15. E no julgamento da questão o Supremo
Tribunal Federal decidiu que:
“a norma insculpida no § 1º do artigo 61 da Carta Federal, mais precisamente na alínea ‘a’ do inciso II, há que ter alcance perquirido sem apego exacerbado à literalidade. É certo que são da iniciativa privativa do Presidente da República as leis que disponham sobre criação de cargos, funções ou empregos públicos na administração direta e autárquica, ou aumento de sua remuneração (...) Evidentemente, está-se diante de preceitos jungidos à atividade normativa ordinária, não alcançando o campo constitucional, porquanto envolvidos aqui interesses do Estado de envergadura maior e, acima de tudo, da necessidade de se ter, no tocante a certas matérias, trato abrangente a alcançar, indistintamente, os três Poderes da República. Assim o é quanto ao tema em discussão. Com a Emenda Constitucional nº 12 à Carta do Rio Grande do Sul, rendeu-se homenagem aos princípios da legalidade, da impessoalidade, da moralidade, da isonomia e do concurso público obrigatório, em sua acepção maior. Enfim, atuou-se na preservação da própria res pública. A vedação de contratação de parentes para cargos comissionados - por sinal a abranger, na espécie, apenas os cônjuges, companheiros e parentes consanguíneos, afins ou por adoção até o segundo grau (pais, filhos e irmãos) - a fim de prestarem serviços justamente onde o integrante familiar despontou e assumiu cargo de grande prestígio, mostra-se como procedimento inibidor da prática de atos da maior repercussão. Cuida-se, portanto, de matéria que se revela merecedora de tratamento jurídico único - artigo 39 da Carta de 1988, a abranger os três Poderes, o Executivo, o Judiciário e o Legislativo, deixando-se de ter a admissão de servidores públicos conforme a maior ou menor fidelidade do Poder aos princípios básicos decorrentes da Constituição Federal” (STF, ADI 1.521-RS, Tribunal Pleno, Rel. Min. Marco Aurélio, 12-03-1997, m.v., DJ 17-03-2000, p. 02, RTJ 173/424).

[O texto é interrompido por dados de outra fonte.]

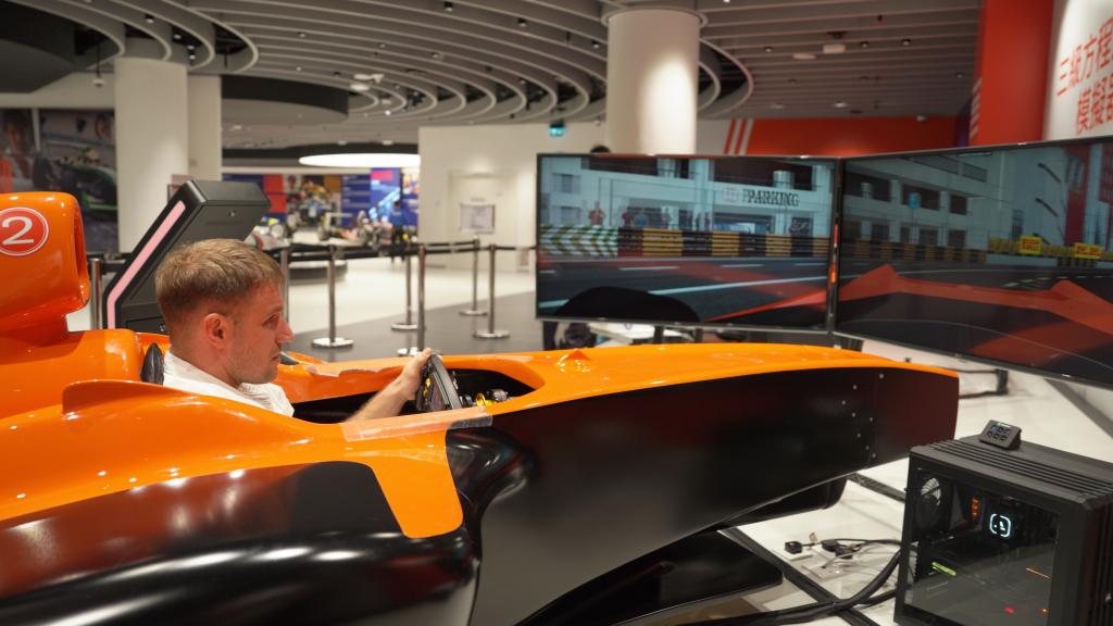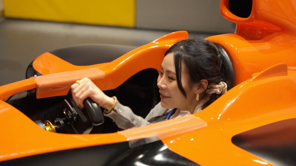 12月16日,參訪團(tuán)成員熊素婉體驗(yàn)三級方程式模擬駕駛器。新華社發(fā)

16. Esse posicionamento é perfilhado no
Supremo Tribunal Federal (STF, RE 183.952-RS, 2ª Turma, Rel. Min. Néri da
Silveira, 19-03-2002, v.u., DJ 24-05-2002, p. 69; STF, RE 372.911-SP, Rel. Min.
Gilmar Mendes, 03-04-2007, DJ 08-06-2007, p. 94) e neste egrégio Tribunal de
Justiça (TJSP, ADI 71.670-0/1-00, Órgão Especial, Rel. Des. Fortes Barbosa, 17-10-2001;
TJSP, ADI 148.788-0/5-00, Órgão Especial, Rel. Des. Ivan Sartori, v.u.,
19-09-2007).
17. Há que se ponderar, nesta quadra, a
diferença entre requisitos para o provimento de cargos públicos - matéria
situada na iniciativa legislativa reservada ao Chefe do Poder Executivo (STF,
ADI 2.873-PI, Tribunal Pleno, Rel. Min. Ellen Gracie, 20-09-2007, m.v., DJe
09-11-2007, RTJ 203/89) - e condições para o provimento de cargos públicos -
que não se insere na aludida reserva, e está no domínio da iniciativa legislativa
comum ou concorrente entre Poder Legislativo e Poder Executivo – porque não se
refere ao acesso ao cargo público, mas, à aptidão para o seu exercício.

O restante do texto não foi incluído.